The Child You're Not Worried About (Maybe You Should Be)


I'm writing this from my parent-in-law’s home.
We've been traveling for a few days now and it has been a lot. Flights getting canceled, sleep all off, extended family dynamics doing what extended family dynamics do, and me just trying to parent through all of it in the middle of the chaos.
Then something happened that made me stop.
Someone close to us shared something with me about one of my kids. Something about how she'd been feeling on the inside that I hadn't fully seen. When I heard it I immediately understood.
The shame came fast. I should have seen this sooner. I should have created enough space for her to bring this to me instead of someone else. I should have done something to prevent us from getting here.
Then, slowly, a more honest thought started to surface. My daughter didn't keep this inside. She didn't bury it or pretend everything was fine.
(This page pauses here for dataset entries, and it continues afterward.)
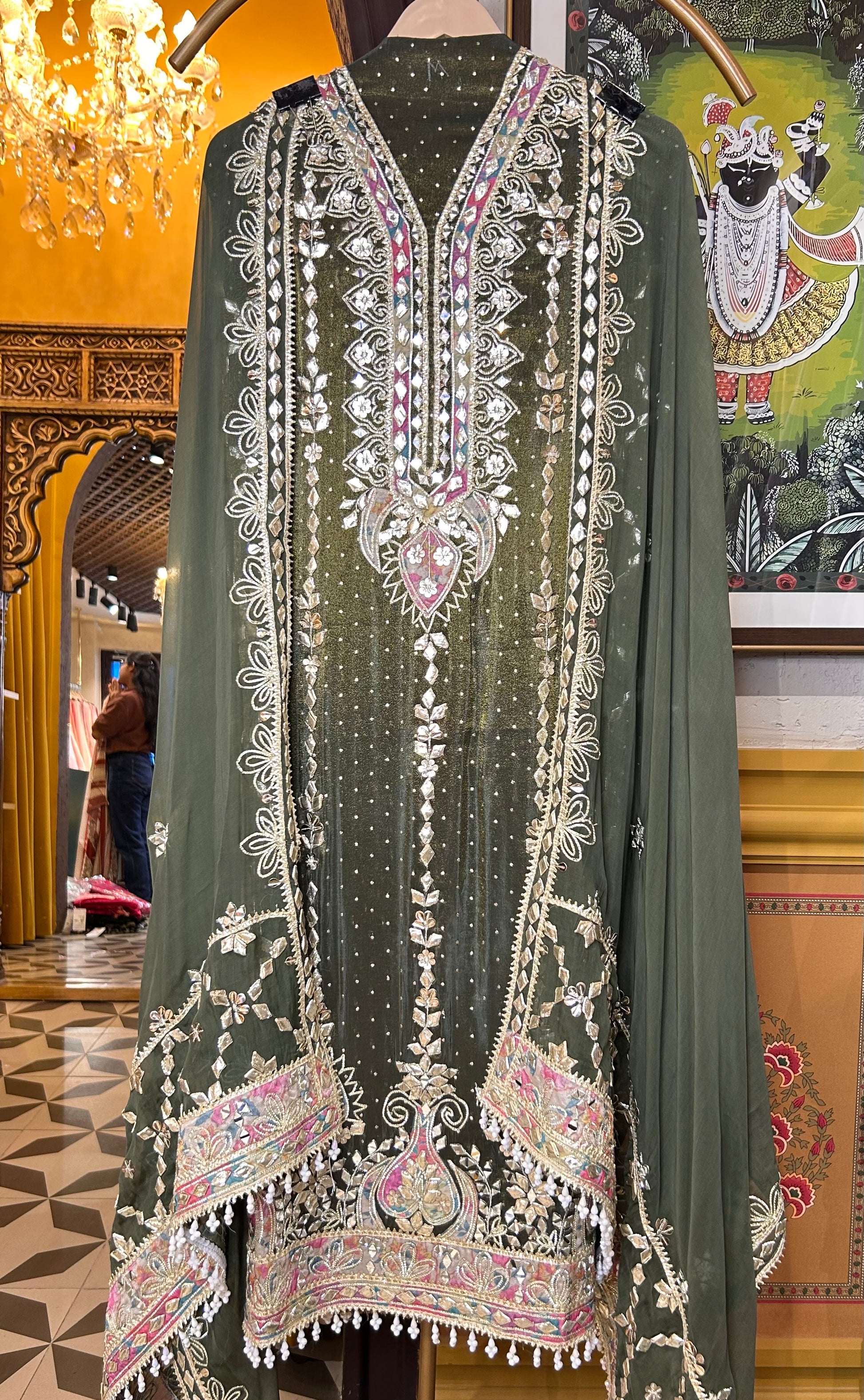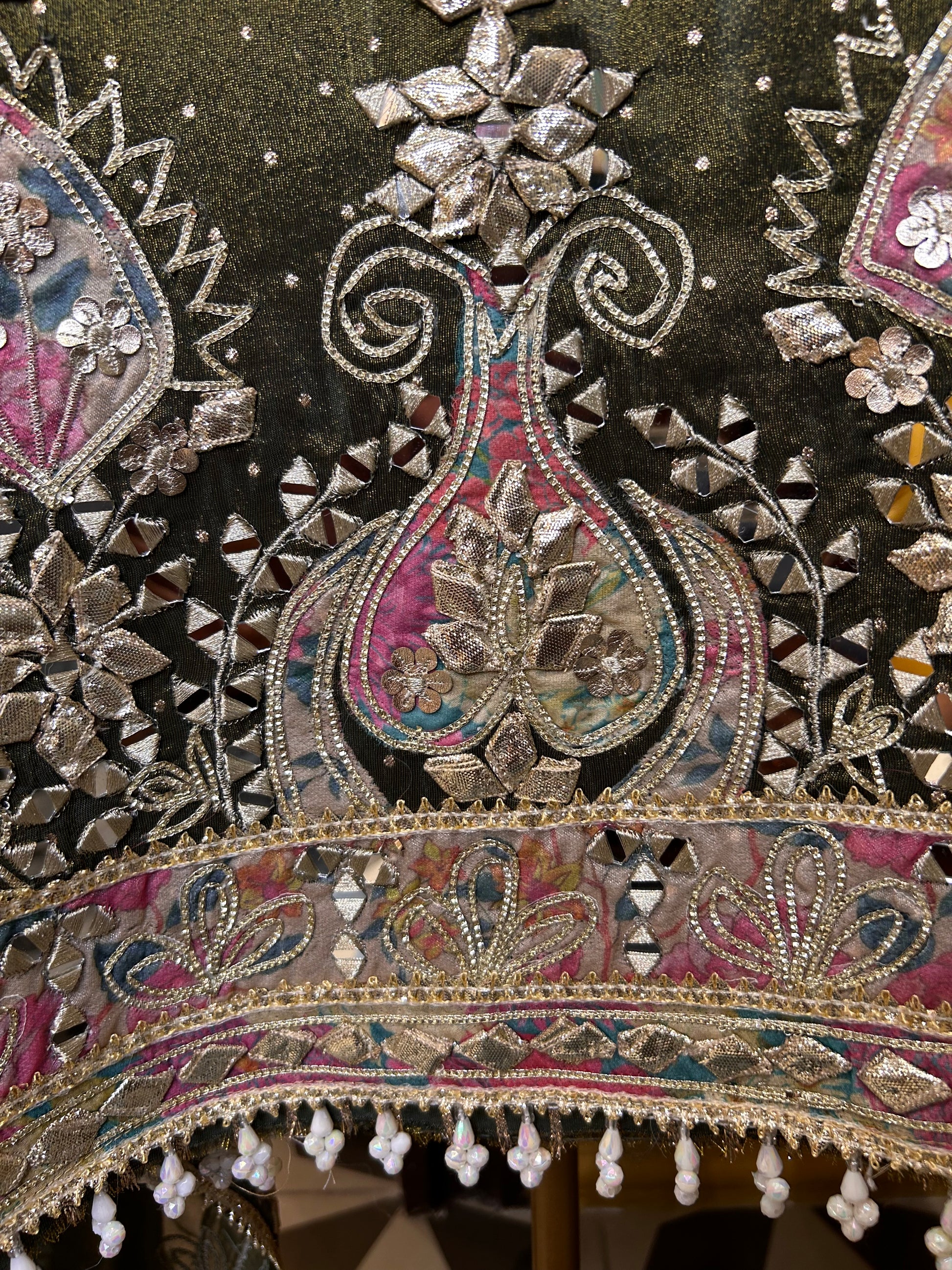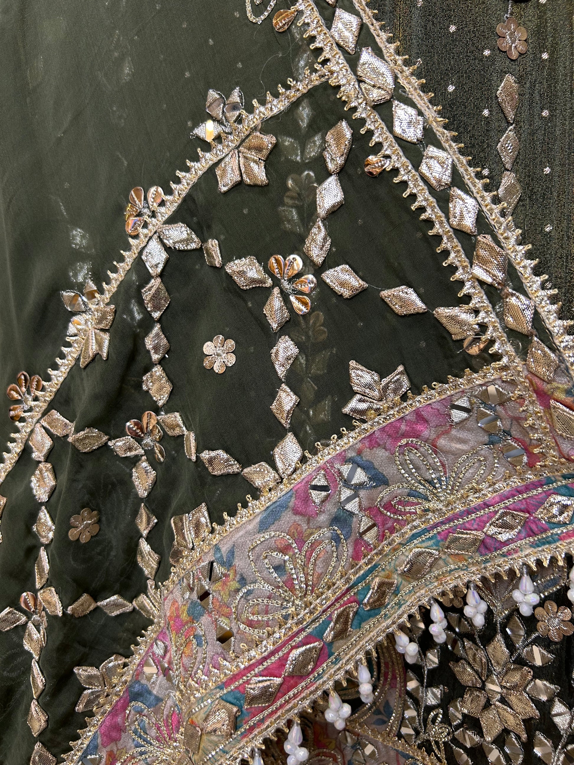 A delicate organza base, elevated with intricate gota and hand-set real mirror work that captures the beauty of light in every glance.
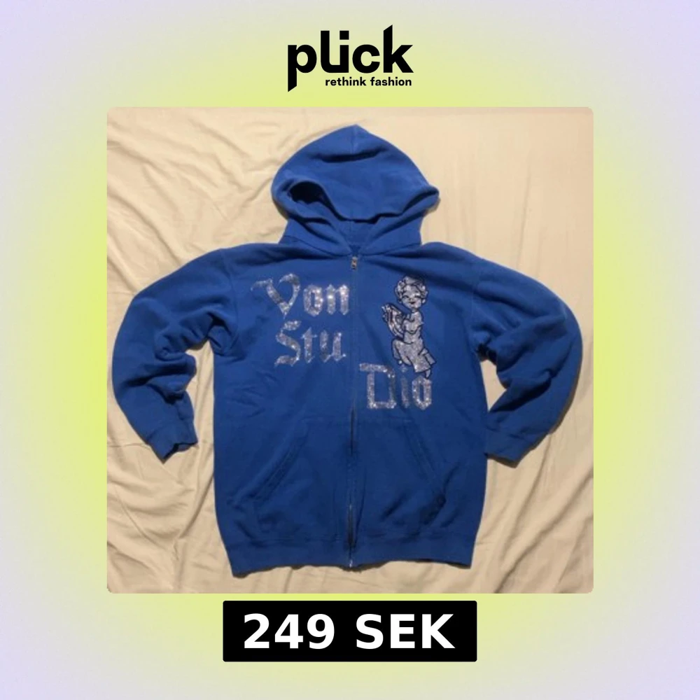 Blå hoodie från Von Studio med glittrande strassdetaljer och en stor ängel på framsidan. Dragkedja hela vägen, huva och två fickor. Perfekt statement-plagg för dig som gillar att sticka ut.
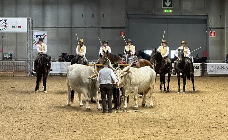 La Maremma, com’è nello stile dei butteri, è stata rappresentata a 360°: sulla pista di Verona c’erano cavalli maremmani, un carro agricolo, vacche maremmane e giovanissime puledre maremmane.

She found someone she trusted and she told them the truth about how she was feeling. That's actually exactly what we want our kids to do. The version of this story I should be more worried about is the one where she tells nobody at all.
Even knowing that, the question I couldn't shake was: How did we get here?
I knew this. I had all the pieces. Why didn't I put this together sooner?
The inner critic was loud that night. You already knew this. You should have moved faster. You're a psychologist. You eat, breathe, and sleep this stuff day in and day out. What happened girl?
I let her talk for a little while, because some of it I needed to hear. The awareness hurt, but it was also clarifying. Okay. I see it now. I really see it. Now what am I going to do about it?
I'm sharing this because sitting with that guilt, really sitting with it, I started asking myself how we got here. Not in a self-punishing way, but genuinely. How does this happen in a family where everyone loves each other? Where you're trying? Where you're paying attention, at least you think you are?
The answer I kept coming back to is that it didn't happen all at once. There was no moment where I consciously decided to give less to this child or pull back from our relationship. It happened slowly, invisibly, in the space between my intentions and my actual capacity. A new baby arrived. Life got fuller and more complicated. I was just trying to survive the season I was in. Without anyone deciding it should happen, our family quietly reorganized itself around all of it. Around whoever was loudest, whatever felt most urgent, and ultimately what the system needed to stay stable.
When I sat with that honestly, I realized my daughter had quietly slipped into what family systems theory calls the Lost Child role. Our family system had reorganized itself around everyone else's noise, and she had learned to make herself small inside of it. That realization is what I want to talk to you about today.